The part-time board seats pay roughly $12,000 a year. Leaving the panel were three Riley appointees: former state legislator Jeanette Greene, real estate businessman Ruffin Graham and former county Revenue Commission official Doug Sanders. Under the process, municipalities across Mobile County recommend prospects to the state revenue commissioner — at the time Julie Magee of Mobile County — who forwarded her picks to the governor.
Party loyalty in the background
The appointments landed against a backdrop of recurring friction within the local Republican Party, which had been tested repeatedly on questions of loyalty and ideological purity. Officials pointed to episodes ranging from Jeff Glidewell’s judicial campaign years earlier to more recent legislative contests in south Mobile County involving Scott Buzbee and David Sessions, as well as executive committee members who had backed Constitution Party nominee Bill Atkinson over Sessions in the special House District 105 election.
Although the Mobile County Republican Executive Committee had weighed disciplining members Mike Burdine and Lee James for straying, the committee was not expected to take punitive action. Still, there were rumblings that the party would move to “inform” voters of what some described as “RINO-like” conduct by candidates in the coming primaries.

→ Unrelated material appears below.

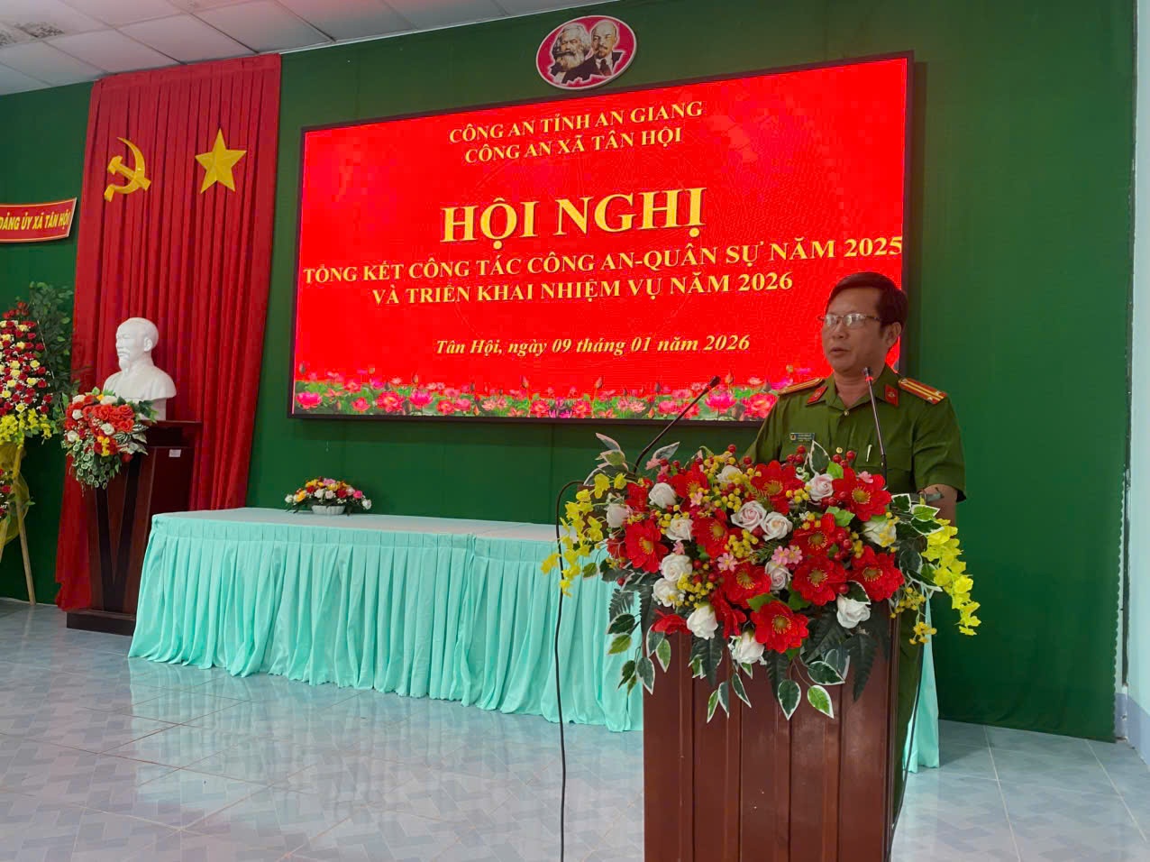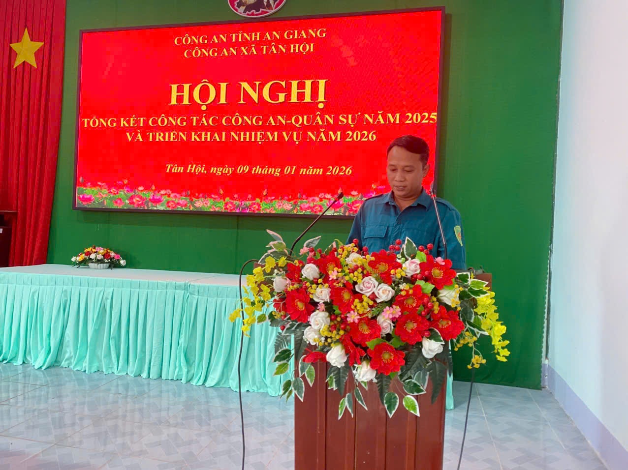 Chiều ngày 09/01/2026, tại Hội trường Đảng ủy xã Tân Hội, Công an xã Tân Hội phối hợp với Ban Chỉ huy Quân sự xã tổ chức Hội nghị tổng kết công tác Công an – Quân sự năm 2025.

MCREC Chairwoman Terry Lathan struck a conciliatory tone about Bentley tapping a Democrat for the local board. “I have not heard any information on the decision, but I do know the governor served with Rep. Clark and is probably showing a bipartisanship appointment for our county,” she said. “I also know that Ken and Tommy are great conservatives, as are Jeanette and Doug. A new governor gets to place people in appointed positions at his choice. It’s very common.”
What the board does
The Board of Equalization occupies a quiet but consequential role in county government, hearing challenges to property assessments and helping ensure that valuations are applied fairly. For property owners who believed their assessments were out of line, the board offered a first avenue of appeal — making the makeup of the panel a matter of more than passing interest to homeowners and businesses alike.
Observers noted that the reshuffle reflected Bentley’s willingness, still early in his term, to make appointments that did not always follow strict party lines, even as local Republican leaders continued to grapple with the steady migration of longtime Democrats into GOP ranks.